Now, store the server key (server.key) and certificate (server.crt) file in some location (preferably inside /etc/certs) and set its path in the .conf file (/etc/apache2/sites-enabled/https_jans.conf) with SSLCertificateFile and SSLCertificateKeyFile directives at Line 29-30 as:

    SSLCertificateFile /etc/certs/bankgluu/server.crt
    SSLCertificateKeyFile /etc/certs/bankgluu/server.key

The path of CA certificate file should be set to SSLCACertificateFile directive as:

    SSLCACertificateFile /etc/apache2/certs/matls.pem    

The following commands will create client’s private key (client.key), CSR (client.csr) and certificate (client.crt):

$ openssl genrsa -out client.key 2048
$ openssl req -new -key client.key -out client.csr
$ openssl x509 -req -in client.csr -CA ca.crt -CAkey ca.key -set_serial 101 -days 365 -outform PEM -out client.crt

The following command will create a client certification chain (private key, public certificate and ca certificate) into the file client.pem:

$ cat client.key client.crt ca.crt >client.pem

Use this pem file to create JWKs for the clients (if required). To create a JWK, you can use a free utility published at https://mkjwk.org. Or you can download the command-line tool from GitHub. There are numerous other online PEM-to-JWKS tools available like JWKConvertFunctions. We may need to add/update some data in these generated JWKs.

Note

It is important to give different values of the Common Name field (“Common Name (e.g. server FQDN or YOUR name) []”) for the CA, Server and clients. Other fields may have common values but the same values for Common Name of all certificates results in certificate verification failed at runtime.

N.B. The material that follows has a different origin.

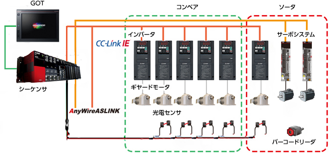 1. High-speed transfer and high-speed sorting are realized by connecting the latest sequencers, inverters, and servos with CC-Link IE capable of high-speed, large-capacity communication.

Importing the CA and signing certificates into Auth-Server keystore:#

The command line utility keytool is installed with JDK, it can be used to import the certificate and keys into the JVM keystore and jans-auth server’s keystore.

./keytool -importcert -file /path/to/file/filename.cer -keystore /path/to/file/filename.jks -alias yourkeystore

./keytool -importkeystore -srckeystore /path/to/file/filename.jks -srcstoretype JKS -destkeystore /opt/jre/lib/security/cacerts -deststoretype JKS

Accessing the Platform#

After successful installation, access the Gluu Open Banking Platform using either our CLI or curl.